Introgen Therapeutics, Inc.'s INGN 241 Kills Chemotherapy-Resistant Cancer Cells

WASHINGTON, April 4 /PRNewswire-FirstCall/ -- Introgen Therapeutics, Inc. and researchers at The University of Texas M. D. Anderson Cancer Center (MDACC) today reported that MDA-7, the active component of INGN 241, effectively kills cancer cells that are resistant to cisplatin, one of the most commonly used chemotherapeutic agents. The preclinical studies also identified a novel defect in a protein degradation pathway in the cisplatin- resistant cells. Significantly, this defect enhances the activity of INGN 241, suggesting that INGN 241 may have particular utility in treating cancers that do not respond to cisplatin. The data are published in the Proceedings of the American Association of Cancer Research for the 97th Annual Meeting (AACR), held in Washington, D.C.

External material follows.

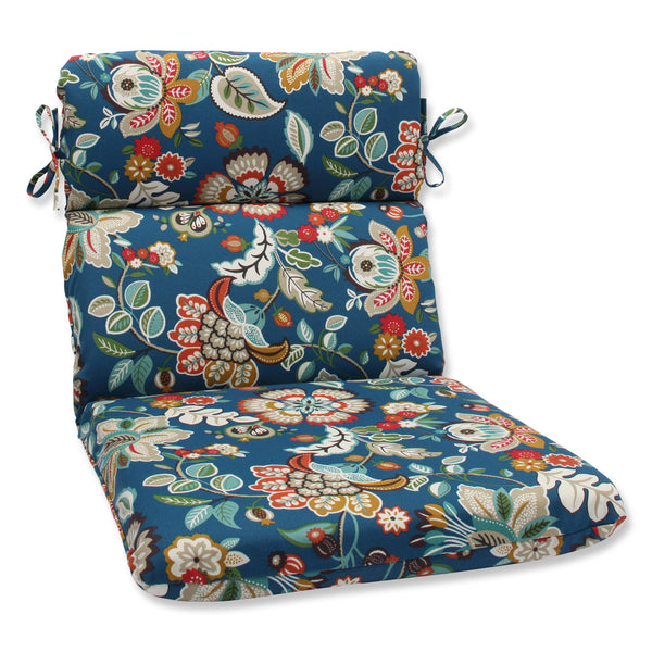 Embellish your porch or patio with the vibrant botanical pattern of this outdoor chair cushion. Flowers and leaves adorn this design in multiple colors on a lovely blue ground. Fabric is durable and fade resistant. Additional features of this outdoor chair cushion include rounded corners, 14" ties and recycled polyester fill with a sewn seam closure.

"These findings are important for the clinical development of INGN 241 and for the treatment of cisplatin-resistant cancers in general," said Sunil Chada, Ph.D., associate vice president, Clinical Research and Development, at Introgen. "The data presented today demonstrate that INGN 241 kills ovarian and lung cancer cells that are resistant to cisplatin, suggesting that this investigational therapy may be an important treatment option for patients who develop cisplatin resistance. Additionally, we have identified a novel mechanism for overcoming cisplatin resistance. Knowledge of this mechanism may support the development of additional interventions that overcome resistance to cisplatin and, potentially, other chemotherapeutic agents."

The studies, reported in Abstract #3744, were designed to determine if INGN 241 could effectively kill cisplatin-resistant cancer cells. The results show that INGN 241 had potent cell killing effects in both cisplatin-sensitive and cisplatin-resistant cells. Surprisingly, the anti-cancer activity of INGN 241 was more pronounced in the cisplatin resistant cells. Additional studies were then undertaken to determine the molecular basis for this observation. Data show that cisplatin-resistant cells have a defect in a protein degradation pathway. This defect leads to the accumulation of MDA-7 protein in the cell, resulting in enhanced INGN 241 activity an increased programmed cell death (apoptosis).

"Chemo-resistance poses a significant barrier to achieving good clinical outcomes, and leaves many cancer patients with limited treatment options," said Dr. Rajagopal Ramesh, Associate Professor, Department of Thoracic and Cardiovascular Medicine at M. D. Anderson and principal investigator of the study. "The results of these studies support the evaluation of INGN 241 in patients with cisplatin-resistant cancers, and open the door to a new area of oncology research and drug development."

About INGN 241

In a Phase 1 trial of INGN 241 clinical activity was observed in patients with advanced melanoma. Based on the encouraging findings of INGN 241 treatment in the Phase 1 clinical trial, later stage trials have been initiated. A Phase 2 trial in patients with metastatic melanoma and a Phase 3 trial for solid tumors in combination with radiation therapy are ongoing. The mda-7 gene was discovered by the laboratory of Dr. Paul B. Fisher, professor of clinical pathology at Columbia University. Introgen holds an exclusive worldwide license for all gene therapy applications from the Corixa Corporation.

About Introgen

Introgen Therapeutics, Inc. is a biopharmaceutical company focused on the discovery, development and commercialization of targeted molecular therapies for the treatment of cancer and other diseases. Introgen is developing molecular therapeutics, immunotherapies, vaccines and nano-particle tumor suppressor therapies to treat a wide range of cancers using tumor suppressors, cytokines and genes. Introgen maintains integrated research, development, manufacturing, clinical and regulatory departments and operates multiple manufacturing facilities including a commercial scale cGMP manufacturing facility.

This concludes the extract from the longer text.